Я и правда не знал, чего я так взвинтился. Я сказал Маше:
– Пойду искупаюсь.
– А не холодно? – спросила она.
Я лишь усмехнулся ее страху. На фронт собралась, а того не знает, что мы тут до сентября не вылезаем, Бесик же, как самый бешеный, однажды на спор в октябре залез.
Я разделся за кустиком, трусов у меня нет, и оттуда я спросил Машу:
– А почему ты думаешь, что я в сентябре родился?
– Как почему? – удивилась она. В мою сторону она не смотрела. – Я же была на твоем дне рождения.
– Это когда? – я спросил так, будто мне неинтересно. Она задумалась:
– Это было… Да. Правильно. Шестого числа. А тридцать девятого года тебе как раз шесть лет исполнилось. А через неделю его забрали.
Не скажу, что мне так уж хотелось купаться.
В одиночку без ребят купаться неинтересно.
Но, во-первых, я хотел побыть один. Во-вторых… Во-вторых, я тоже хотел побыть один. И в-третьих, и так далее. Чтобы не смотреть на эту приезжую Машу, которая начинает вся слезиться, как только речь заходит об ее Антоне Петровиче.

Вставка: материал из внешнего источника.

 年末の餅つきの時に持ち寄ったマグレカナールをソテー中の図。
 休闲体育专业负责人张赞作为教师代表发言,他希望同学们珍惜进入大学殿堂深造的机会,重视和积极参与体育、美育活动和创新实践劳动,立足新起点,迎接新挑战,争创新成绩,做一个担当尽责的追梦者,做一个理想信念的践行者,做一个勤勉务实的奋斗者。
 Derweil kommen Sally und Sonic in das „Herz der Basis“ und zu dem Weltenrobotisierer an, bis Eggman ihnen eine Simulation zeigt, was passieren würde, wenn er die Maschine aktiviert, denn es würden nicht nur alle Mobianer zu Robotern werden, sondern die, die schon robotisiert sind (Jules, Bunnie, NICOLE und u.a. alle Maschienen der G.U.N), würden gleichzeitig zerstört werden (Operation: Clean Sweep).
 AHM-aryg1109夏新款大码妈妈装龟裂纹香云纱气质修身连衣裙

Вот когда она меня кормила, она и правда была красивой. Прямо-таки сияла, как стеклышко, от нее такой теплый-теплый дух исходил, как от деревенской печки, у которой я однажды грелся. Мне показалось, что она и пахла по-другому. А когда стала шпионские всякие дела рассказывать, то вся похолодала, я даже подумал, а не шпионка ли она сама, вот и наш Чушка ее заподозрил, даже у окна подслушивал!
Но потом я решил, что она не шпионка. Шпионы другие. Про них стихи: «…в дверях стоит конвой, и человек стоит чужой, мы знаем, кто такой»… «Есть в пограничной полосе неписаный закон: мы знаем все, мы знаем всех: кто ты, кто я, кто он!» Да и чего, если посудить здраво, шпиону или шпионке в нашем «спеце» делать? Кормить голодного шакала сливочным маслом и консервами? Та к нас много таких найдется, за чужой счет пожрать! А тайну или секрет какой военный мы все равно не скажем, потому что мы его не знаем. Да я так думаю: у нас тут тайн нет! Вот жуликов у нас много. Только это ни для кого не тайна. Разве что для этой Маши.

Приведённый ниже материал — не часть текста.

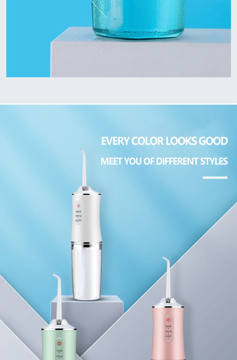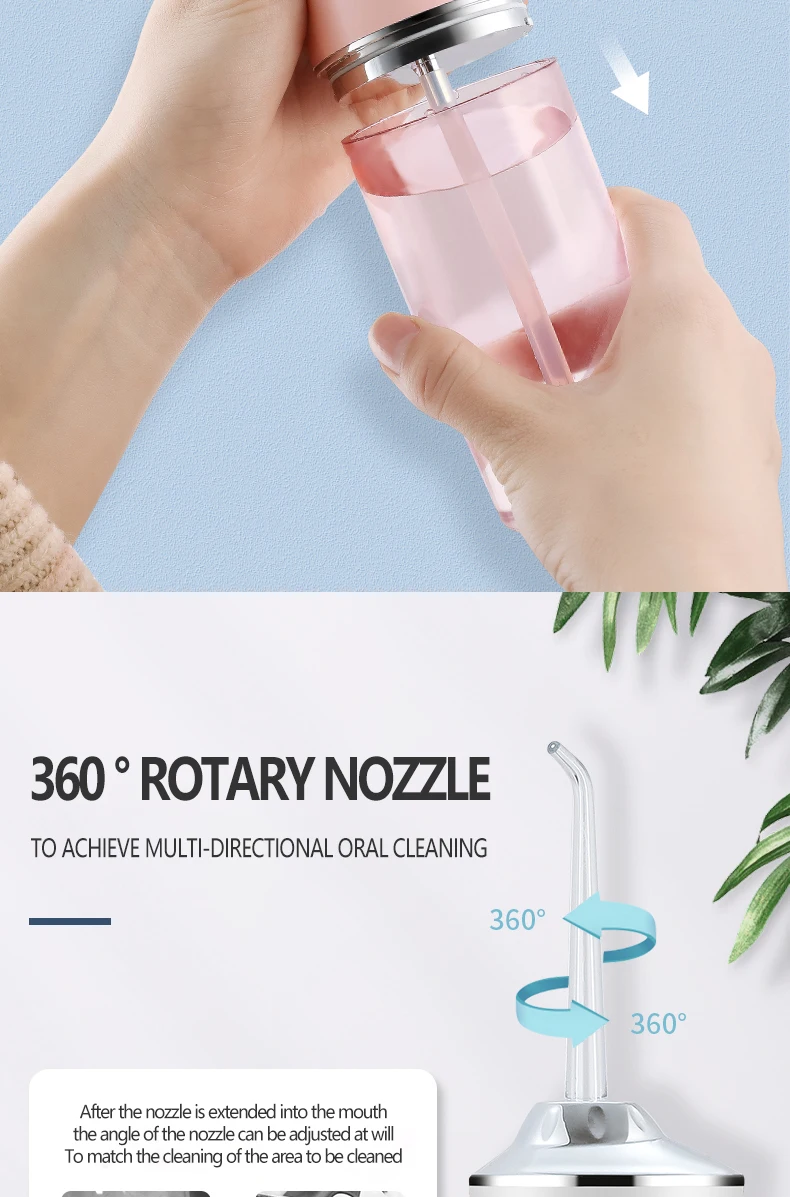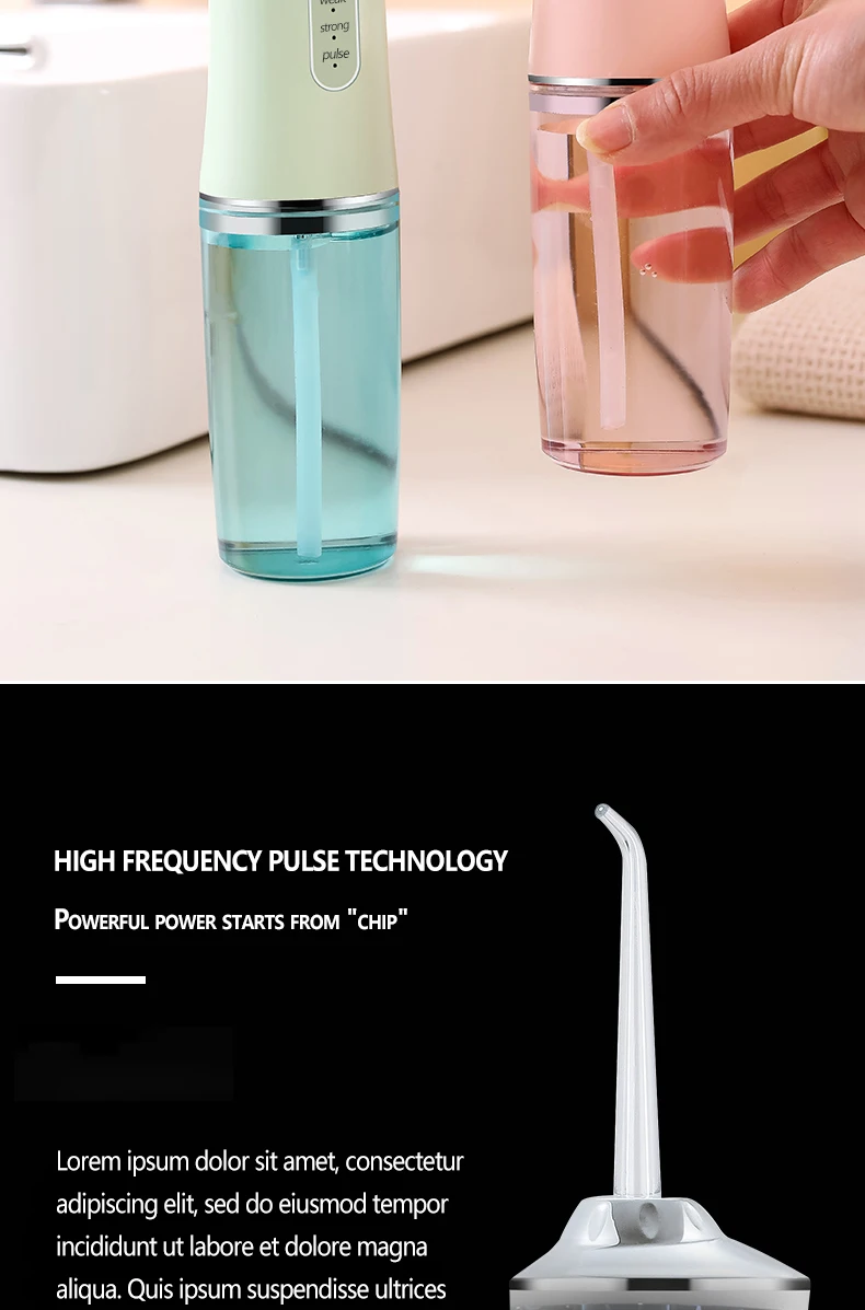 Electric toothbrush for efficient oral care, USB rechargeable water jet drill toothpick 4 nozzles 3 modes IPX7 high-frequency

Я нырнул и, затаив дыхание, подержался за корягу так долго, сколько терпежу хватило. Я думал, под водой мыслей не бывает, а только одно – как выплыть и воды не нахлебаться. Но и под водой всякая ерунда по поводу Антона Петровича и Маши скребла мне изнутри голову. Тогда я вылез, попрыгал на одной ноге, выливая из уха воду, а потом скорей натянул штаны. От спешки споткнулся. Поцарапал коленку.
Подходя, увидел, что Маша все собрала, а банку из-под консервов, вот досада, зашвырнула в камыш, ее там теперь ищи-свищи. Да бычок, покурив, тоже выбросила, это я еще из-за кустов видел. А мне она сказала:
– Поди-ка, Сергей, сюда! Да ближе, ближе!.. Ты же ногу раскровил! Давай быстренько полечим!
И не успел я ойкнуть, как она достала из сумочки пузырек с йодом и ловко, невзирая на мои вопли, раскрасила пятнами всю коленку.
Как я ни отбрыкивался, ни лягался, прижгла и отпустила. Руки оказались у нее сильными. Но хоть и сопротивлялся, а почему-то было приятно, что она так упорно меня лечит!
– Ну вот, – сказала удовлетворенно. – Хорошо, что по старой привычке я лекарства таскаю с собой. Ты меня на станцию не проводишь?
– Нет, – ответил я.
– Почему?
– Нога болит.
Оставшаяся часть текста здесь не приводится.